Clinton also is becoming marginalized, along with Obama. It was once deemed inevitable that a woman would be elected president in 2016. Symbolism and superficiality, as occurred in 2008, was supposed to propel the Clintons back to the White House, so the special interests opened the floodgates, dousing her with an anticipated total of $1 billion. "Bill and Hill" would be back. But it's not working out that way.

FUBAR is another antiquated military acronym. It means (Fouled) Up Beyond All Repair. That sounds like America under the Obama Administration, of which Clinton is part and parcel. She will be "Obama, Part II" if she is elected. Obama's 2008 "change we need" has evolved into "change" nobody wants.

In asking people what they think about Clinton vs. Trump, maybe a quarter of the responders say it's a tough choice. They phrase it as being "who is the least worst," but well more than half just mutter "I'm for Trump." For them, voting for Trump is not a choice, it's a statement. They're saying that they don't want what we have. They're saying that despite Trump's stylistic and oratorical shortcomings, he can't be much worse than those who govern now, and they're thumbing their nose at the media, government\ and the liberal elite who portray Trump as a dangerous buffoon.

For Clinton, this is a worst-case scenario. She did not want the 2016 election to be a referendum on the competence of the Obama-Clinton Administration. She did not want a Trump vote to be a "statement." She just wanted a coronation. Now, unexpectedly, the desire for a competent president eclipses the desire for a female president. Clinton's campaign theme has been marginalized.

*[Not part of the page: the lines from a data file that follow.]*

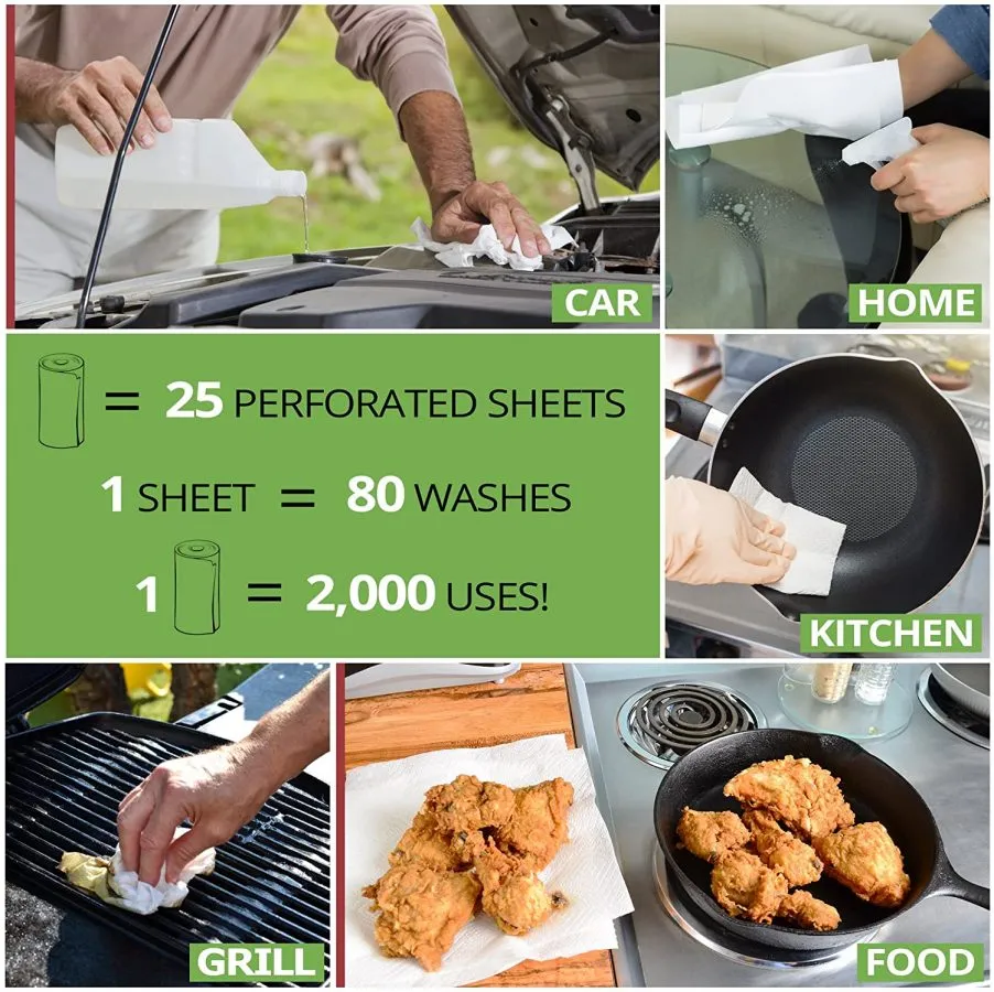 • Ahorro de dinero – Cada toallita es lavable a 40 grados. ¡Cada uno de los paños se pueden lavar hasta 85 veces, lo que hace que cada rollo de cocina sea el equivalente a 1700 toallas de cocina de papel; ¡Además, muy económico!
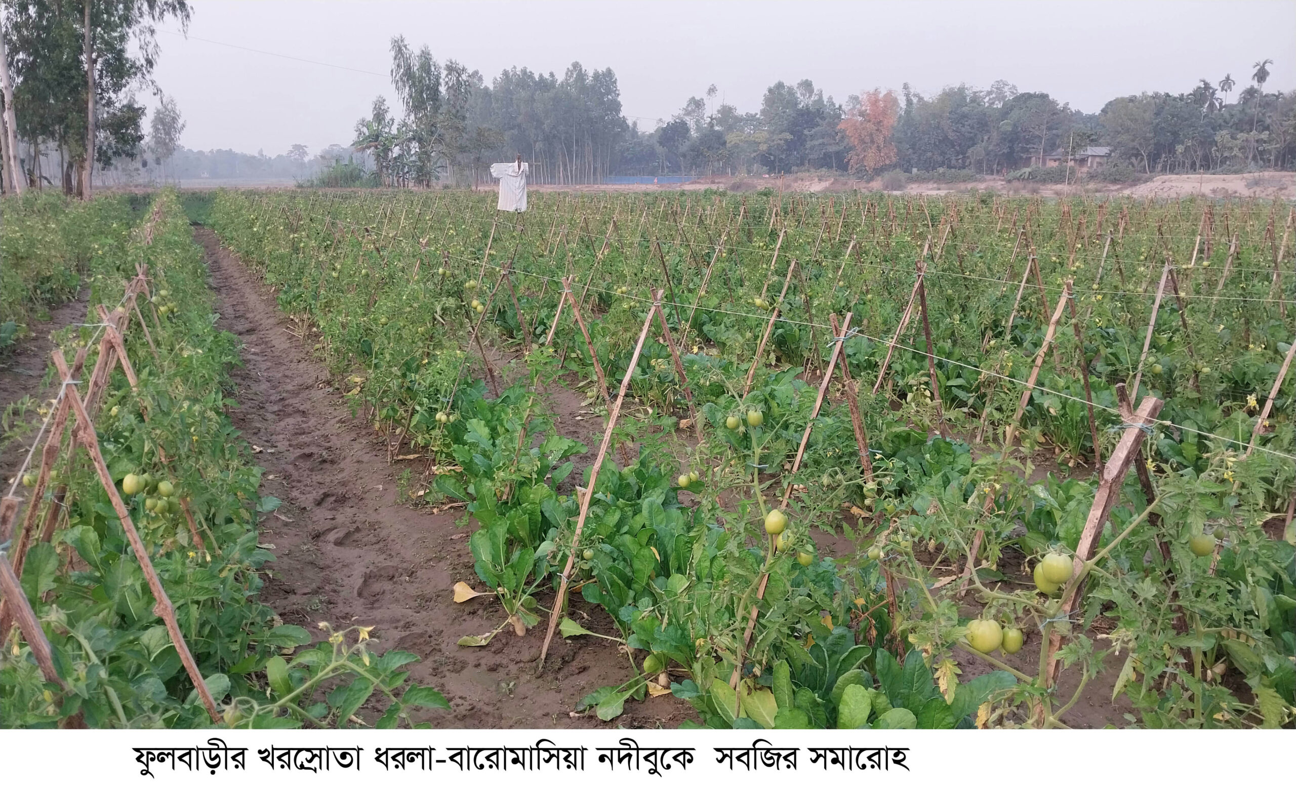 কুড়িগ্রামে খরস্রোতা ধরলা-বারোমাসিয়া নদীবুকে সবজির সমারোহ ফসল ফলায় কৃষক খুশি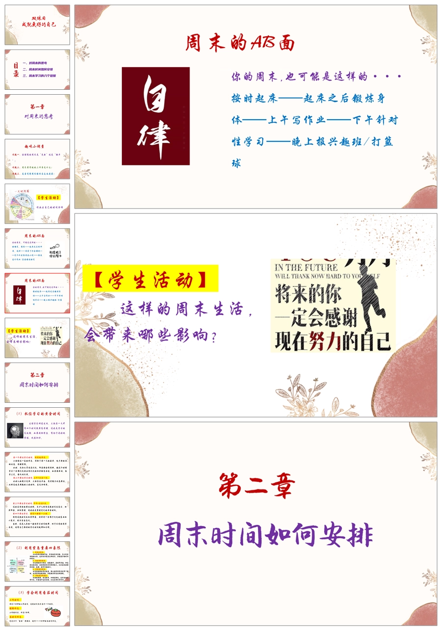 【8311】【双休班会】《双休日,成就更好的自己》双休主题班会PPT(课件+逐字稿)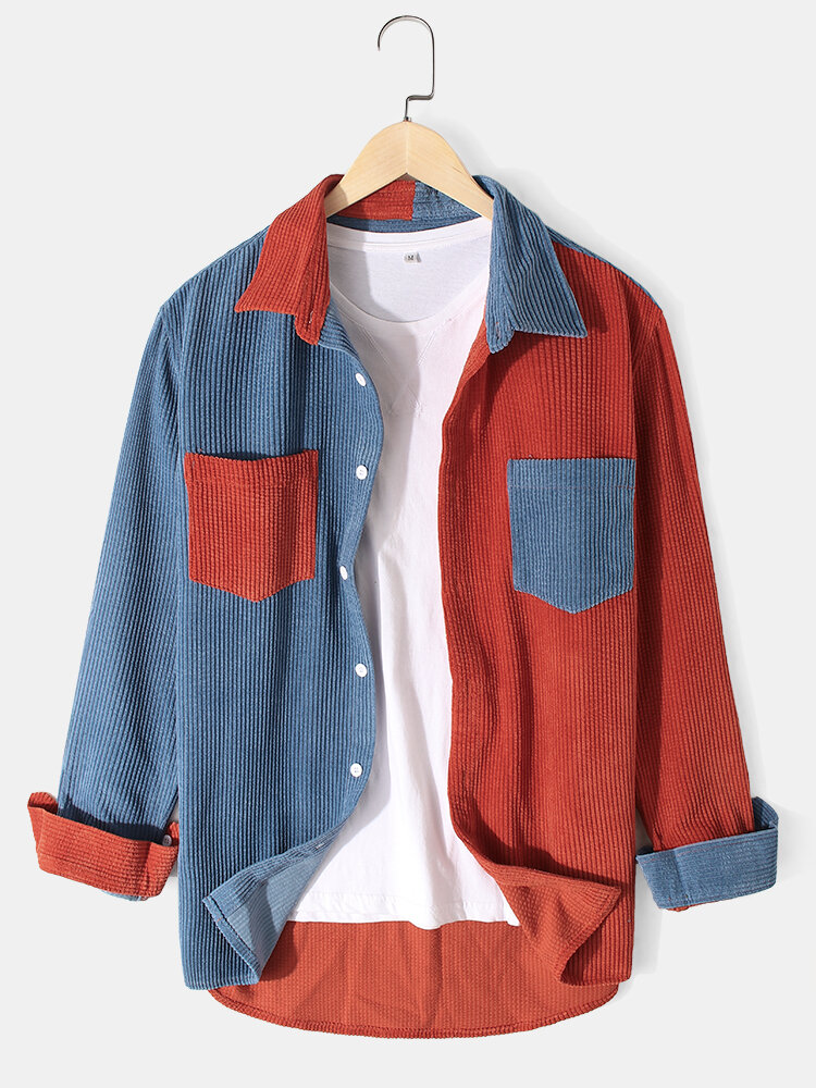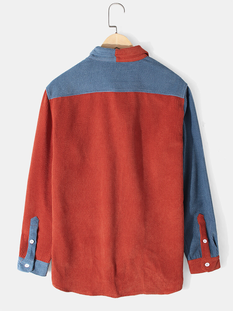 Mens Patchwork Corduroy Double Pocket Long Sleeve Design Shirts – Blue S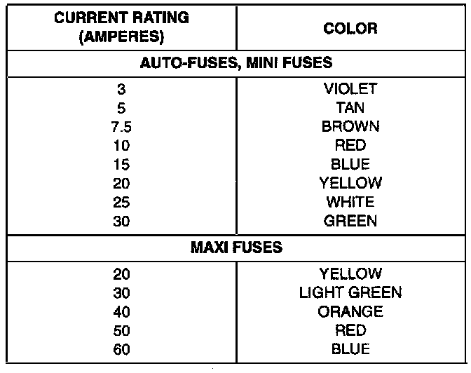 ^ Always replace a fuse with one of the same rating. Rating are molded in and color coded Refer to the above Rating and Color Code Chart.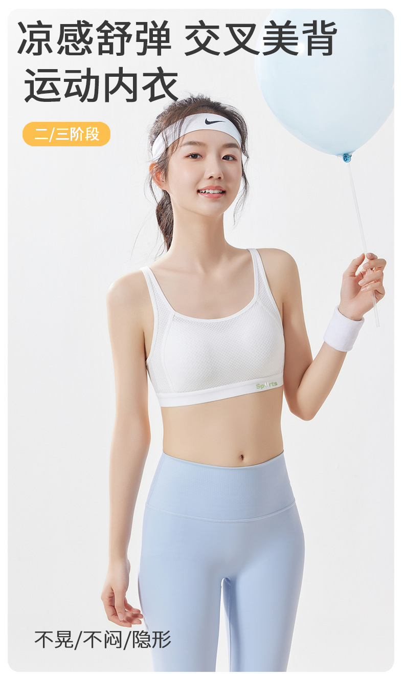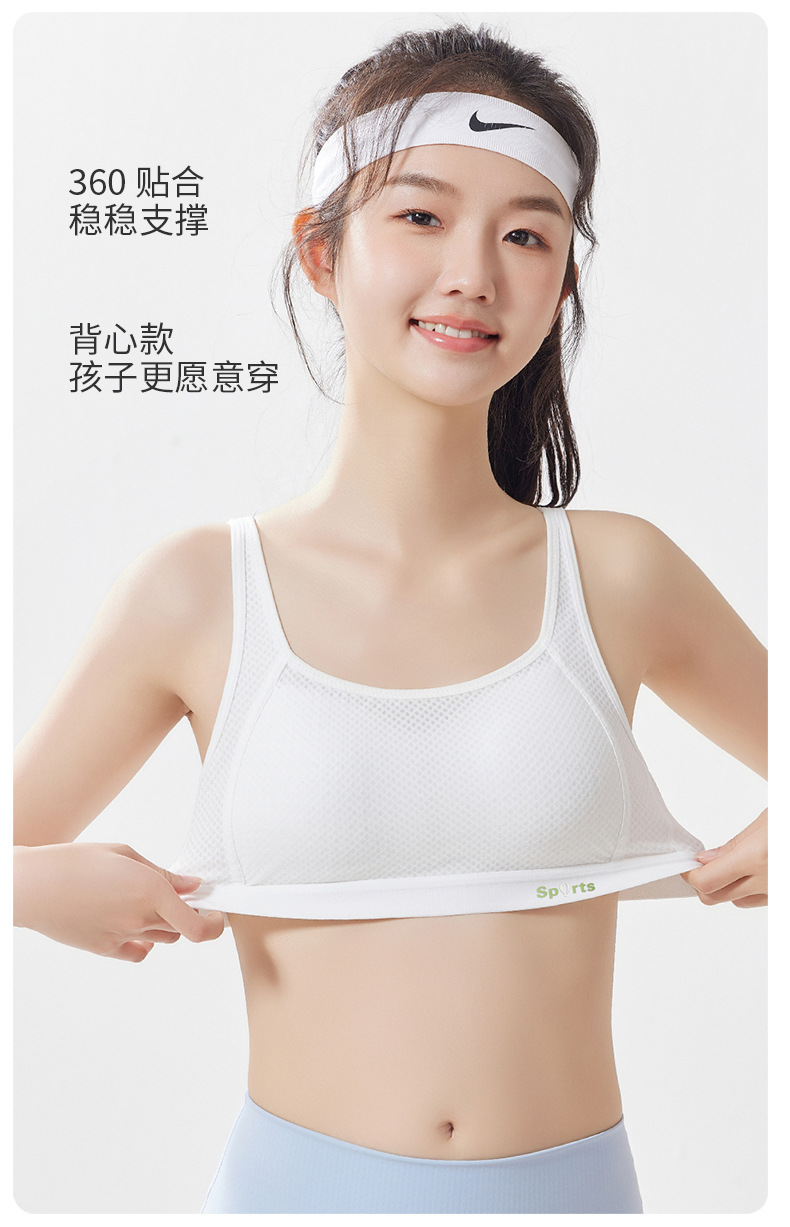 여아 브라 속옷 사춘기 중학생 조끼 속옷 충격 방지 얇은 메쉬 고정 컵 스포츠 브라

Finally, there's Illinois Governor Bruce Rauner. He promised to cut state spending, but he has a Democratic-controlled legislature, and state expenditures exceed tax revenues by almost $10 billion. The early hype was that Rauner was marginalized from day one, that he would have to accede to a tax hike, and that his no-hike tax-and-spend promises were implausible and would shut down state government.

Well, 17 months into his 48-month term, he's kept his word, and it really wasn't difficult. He simply refused to sign the Madigan-Cullerton 2016 fiscal year budget unless the Democratic majorities appropriated the necessary funding. That meant spending reverted to the 2015 level, and revenues were allocated to "essential" services such as education and public safety. There is about $10 billion owed to Medicaid and social service vendors.

In just 2 months, a fiscal year 2017 budget is due, and it certainly will be delayed until after the November election, as the Democrats don't want to go on record supporting a tax hike. Springfield has become like Washington, where continuing resolutions keep the government afloat absent a budget and tough decisions are avoided.

In Illinois, it is Speaker Mike Madigan and Senate President John Cullerton who have been marginalized. They have the power to "solve" Illinois' fiscal plight, but they are afraid to use that power because, by so doing, they might lose that power. Illinois, once the "Land of Lincoln," has become the "Land of the Wusses," and Rauner is the only one who doesn't fall into that category.

To be sure, Rauner may lose in 2018. With the media constantly hammering him for his "insensitivity," polls show him with unfavorables well over 50 percent and, in Chicago, over 70 percent, but when he leaves office he can proudly proclaim that he was never marginalized.